Executive Search and Leadership in the New ‘20s

05 February, 2020

By Fabio Sola, PRAXI (Italy)

The PRAXI Alliance international Executive Search network closed 2019 by hosting its Summit in Rome for the first time, discussing Executive Leadership 2020 with partners from over twenty countries around the world. In an interesting panel discussion with trusted clients, we also focused on how executive search firms can sharpen the leadership performance of senior management teams, driving greater success in global business.

The first take away of the discussion was the increasing importance companies are placing on recruiting for diversified experience and soft skills as opposed to the traditionally sought after formal training or prior experience in a similar company, sector or industry. Even within well-established businesses, what was true yesterday may no longer apply today. In a constantly evolving marketplace, simply arriving with related past experience does not guarantee future performance. Soft skills prove to make the difference and often times the SUCCESSFUL manager doesn’t fit the “ideal profile” designed by HR.

An executive search firm can definitely support clients with ad hoc leadership consulting services like executive assessment and onboarding, but there are other less obvious ways to add value. Directing traditional search activities towards “outsiders” with respect to company perception, by compiling creative candidate short lists and counselling clients over psychological hurdles, helps build the comfort level necessary to hire outside of the box. This requires an interpretation of the business that goes beyond the traditional headhunter’s role of networking and assessment, in order to identify the likelihood of an executive candidate being able to thrive and perform in complex corporate ecosystems.

The biggest surprise from our client panel came from private equity funds. The time horizon is extremely short, given that a two to five year buy, fix, sell cycle means executives must hit the ground running. However, leadership remains a central issue for deal success, and highlights another case where the traditional winning model of placing a manager with a mix of competitor knowledge, plug and play availability and turnaround experience, is encountering difficulties due to the increasing complexity of running a business.

The habit of onboarding managers with good contacts and proven past success, without too many questions or an objective assessments of their fit within a specific corporate culture or setting, creates more and more private equity management failures. To prevent this catastrophe, which can easily burn through the first twelve months of the investment cycle, tailored support can help. One solution is through the creation of an ample pool of managers more targeted than the actual need, providing a richer pool for candidate selection, and the use of an executive assessment as a “second opinion”, rather than relying solely on word of mouth.

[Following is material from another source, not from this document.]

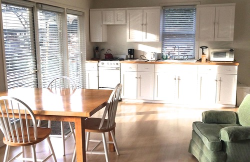 Studio apartment, tucked away on a grand old Beverly Hills Estate, once home to Joseph Kennedy. Just once block south of the Beverly Hills Hotel, smack in the middle of Beverly Hills' most exclusive neighborhood. Perfect for an individual or a couple looking for an elite address within a tranquil setting. When traveling with a child, request an extra bed. Bright, cheerful, but simple. This apartment is functional and comfortable, not luxurious. Full service kitchen. A wall of six French doors look out over a half-acre garden, shaded by tall Eucalyptus trees and lush bougainvillia.

Finally, the fundamental question on which characteristics the leader in the 20s needs for success highlights trust as a central element. This goes in both directions: receiving team members’ trust by virtue of a manager’s behaviors and, above all, demonstrating and projecting trust in the team’s ability to meet objectives and perform. Organizations are increasingly global and remote work is a constant. A team’s harmony and commitment no longer depend on common daily exposure but on stated objectives, action plans ??and rapid exchanges, often mediated by technology.

Companies today are typically richer in their diversity of people in terms of nationality, culture, generation. Unlike in the past, blanket judgement criteria must be avoided since what applies to 50-year-old Italian probably differs greatly from a 25-year-old Asian. Managers must trust in themselves and their teams more broadly than in the past while also being able to quickly assess whether a team is meeting their objectives and constantly recalibrate the management style accordingly.

Exacerbating everything are the Digital Transformation and the New 4.0 World Order. A passionate craftsman was almost always the best in fostering collaboration and producing an exceptional product, while a traditional industry leader was not quite as nuanced but still had a vision of the entire business, from production to sales to finances. With the Fourth Industrial Revolution, everything is changing. Today’s CEO might not necessarily understand critical and complex topics like cybersecurity, artificial intelligence, or simply, social networks. Instead, he or she must trust people who are very different from the traditional trusted advisors of the past. It was much more comforting to rely on the classically polished MIT graduate with 20 years of experience compared to today’s young IT geeks in their uniforms of a t-shirt, hoodie and jeans!

Consulting must be the intersecting point between traditional businesses, including global corporations but also small and mid-sized entrepreneurial companies, and the new professional ecosystems with whom they must blend. These may be traditional managers or individual gig professionals, or even open innovation-incubated start-ups. Finding and developing dynamic and resilient 4.0 Managers requires more than simple technological prowess, but hiring outside of the box on cross-sector experience, soft skill savvy and highly attuned emotional intelligence. The consulting world has a new mission for 2020!